Cos’hanno in comune la nipote di Benedetto Croce, un vicedirettore del Tg1 e i legali rappresentanti di Corriere dei Mezzogiorno e Rai? «Hanno realizzato un’ampia e articolata architettura diffamatoria di Roberto Saviano, sia sul piano etico sia sul piano personale e professionale», una «campagna diffamatoria di vasta portata e reiterata attuazione» che ha «compromesso l’attività professionale», ha fatto «diminuire le vendite dei libri» e ha provocato anche una riduzione «delle partecipazioni televisive».

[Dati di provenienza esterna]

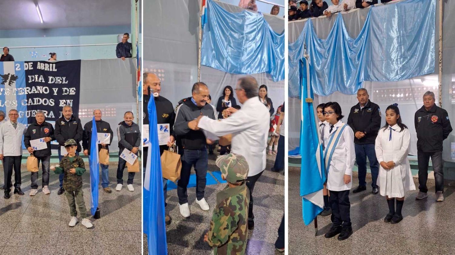 Como cierre del acto, la institución realizó la entrega de presentes a los excombatientes Antonio Vázquez, Carmelo Rolón, David Díaz y José Santillán, en reconocimiento a su valentía y compromiso, en una jornada que reafirmó la memoria y el respeto por la causa Malvinas.
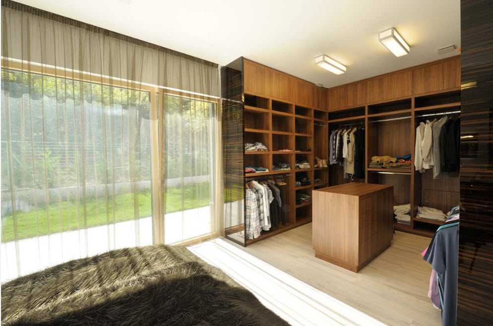 Кстати, именно в гардеробной комнате шкаф не обязательно должен иметь фасады. Очень красиво смотрятся открытые варианты. По мнению дизайнеров, именно такой шкаф стоит выбирать для гардеробной.

Questo, almeno, sostiene l’atto di citazione (firmato dagli avvocati Giovanna Astarita e Antonio Nobile) con il quale lo scrittore chiede di essere risarcito per le contestazioni mosse all’attendibilità di un suo racconto su Benedetto Croce dalla nipote del filosofo, Marta Herling. La lettera fu pubblicata sul Corriere del Mezzogiorno, e diede vita a un dibattito che fu ripreso nei giorni successivi da diversi quotidiani e telegiornali (Corriere della Sera, Libero, Giornale, Riformista, Tg1, La7). Saviano, in particolare, aveva raccontato, prima in tv e poi nel libro Vieni via con me, che al filosofo – rimasto prigioniero sotto le macerie nella sua casa di vacanza a Casamicciola durante il terremoto del 1883 – il padre aveva suggerito di offrire centomila lire (all’epoca una cifra astronomica) a chi l’avesse salvato. Una versione la cui veridicità fu contestata dalla nipote. E che nei giorni successivi portò Saviano a intervenire per indicare due fonti diverse: un articolo dello sceneggiatore Ugo Pirro del 13 aprile 1950 (pubblicato su Oggi) e un libro scritto da Carlo Del Balzo. Entrambi, però, così come un articolo apparso sul Corriere del Mattino del 31 luglio 1883 (“Si racconta che…”), seguivano una pista che avrebbe rimandato a fonti anonime. E, da qui, le critiche di Marta Herling, che nella lettera faceva notare come l’unico testimone oculare di quell’episodio – lo stesso Benedetto Croce – nel libro Memorie delta mia vita (10 aprile 1902) non avesse fatto alcun riferimento a quell’episodio. Dunque perché credere a Pirro e Del Balzo e non al racconto dello stesso filosofo?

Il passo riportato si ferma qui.